When It Comes to Waging War, Ants and Humans Have a Lot in Common
In both humans and social insects, the capacity to engage in total war seems to hinge on population numbers
Look closely enough, and you’ll find that modern societies resemble those of certain ants much more than our nearest relatives, the chimpanzee and bonobo. No chimp has to create highways, traffic rules, and infrastructure; participate in assembly lines and complex teamwork; or allocate a labor force for effective division of labor — the list goes on.
The reason is that societies of all species have organizational imperatives that depend on size, and only humans and certain social insects have populations that can explode into the millions. A chimpanzee community with a hundred members, for example, doesn’t address public health issues, but some ant metropolises have sanitation squads. Whether assembled largely by intelligent thought (in humans) or genetic inheritance (in ants), certain features are needed before many individuals can live together harmoniously over the long term.
The flip side is that the larger the group, the more diverse — and extreme — the aggressive responses to outsiders can be. When considering the often-striking similarities between humans and social insects, one fascinating parallel is the existence of warfare in both.
The word war has been used, I think imprudently, to describe all kinds of conflicts among animals and early humans. Those might include raids or other small or one-sided attacks, but what interests me most is the emergence of conflicts we generally have in mind when we think of a war, which I defined in a 2011 article for Scientific American as “the concentrated engagement of group against group in which both sides risk wholesale destruction.” How do such wars arise?
A party of chimpanzees creeping into another’s territory to slaughter a single chimp — their normal modus operandi when attacking outsiders — isn’t really war. Similarly, small ant societies rarely take big risks. Costa Rica’s Acanthogonathus trap jaw ant, for example, has colonies with only a few dozen individuals that nest in a twig rotted out down the center. With a home that requires so little effort to maintain, conflicts with neighbors are resolved by flight rather than violence: A colony composed of just a few ants can pull up stakes and hike to the next twig at a moment’s notice.
The same was true for hunter-gatherers living, as our ancestors usually did, in small bands. They had few possessions and no permanent structures to protect; while massacres weren’t beyond them, carrying one out would have yielded little and been foolhardy.
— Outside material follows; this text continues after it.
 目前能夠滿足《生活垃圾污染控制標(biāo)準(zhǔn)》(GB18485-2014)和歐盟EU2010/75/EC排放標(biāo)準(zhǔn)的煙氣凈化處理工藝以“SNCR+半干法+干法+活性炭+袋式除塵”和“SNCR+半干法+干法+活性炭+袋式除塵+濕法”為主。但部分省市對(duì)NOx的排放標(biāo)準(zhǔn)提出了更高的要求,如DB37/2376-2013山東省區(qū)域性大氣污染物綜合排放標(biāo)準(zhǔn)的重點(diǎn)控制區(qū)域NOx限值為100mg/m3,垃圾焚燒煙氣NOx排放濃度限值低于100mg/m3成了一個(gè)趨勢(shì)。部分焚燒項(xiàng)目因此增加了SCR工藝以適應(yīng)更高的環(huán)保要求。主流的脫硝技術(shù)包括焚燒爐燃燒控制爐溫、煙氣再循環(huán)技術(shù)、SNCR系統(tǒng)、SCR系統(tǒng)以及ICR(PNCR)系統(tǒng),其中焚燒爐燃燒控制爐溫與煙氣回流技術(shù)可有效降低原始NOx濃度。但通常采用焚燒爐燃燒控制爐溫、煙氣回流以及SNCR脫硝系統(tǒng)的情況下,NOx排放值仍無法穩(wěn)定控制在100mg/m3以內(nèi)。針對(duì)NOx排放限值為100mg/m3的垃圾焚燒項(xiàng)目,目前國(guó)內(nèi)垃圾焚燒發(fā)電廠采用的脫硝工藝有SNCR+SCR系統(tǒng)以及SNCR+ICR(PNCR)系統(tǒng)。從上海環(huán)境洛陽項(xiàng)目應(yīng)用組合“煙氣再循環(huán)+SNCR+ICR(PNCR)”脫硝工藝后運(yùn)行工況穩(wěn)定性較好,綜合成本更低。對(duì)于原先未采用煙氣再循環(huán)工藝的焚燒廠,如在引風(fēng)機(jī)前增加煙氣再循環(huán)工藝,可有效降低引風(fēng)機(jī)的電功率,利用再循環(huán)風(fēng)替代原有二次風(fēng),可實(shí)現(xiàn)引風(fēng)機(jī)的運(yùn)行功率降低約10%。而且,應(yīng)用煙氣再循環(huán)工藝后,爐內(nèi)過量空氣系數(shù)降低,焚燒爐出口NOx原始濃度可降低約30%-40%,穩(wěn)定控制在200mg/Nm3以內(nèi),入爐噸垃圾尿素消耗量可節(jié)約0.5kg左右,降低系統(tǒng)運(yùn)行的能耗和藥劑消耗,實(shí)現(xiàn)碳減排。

When relations with neighboring groups went south, it was usually easier to relocate, or, if retribution was required, creep into the rival territory, kill one or two people, and sneak out — a chimpanzee-style raid.
As human societies grew, so did the forms of aggression open to them, and their scale and intensity. On the island of New Guinea, tribes of several hundred traditionally engaged in occasional battle. When traveling through the highlands 25 years ago, I barely missed such an event. In the initial phase of war, the sides would face off at a distance to throw spears or shoot bow-and-arrows toward enemy lines, with the targets largely protected by wooden shields. Fights were more symbolic than dangerous, and deaths were few. While such events sometimes gave way to closer combat, they could also end without further escalation.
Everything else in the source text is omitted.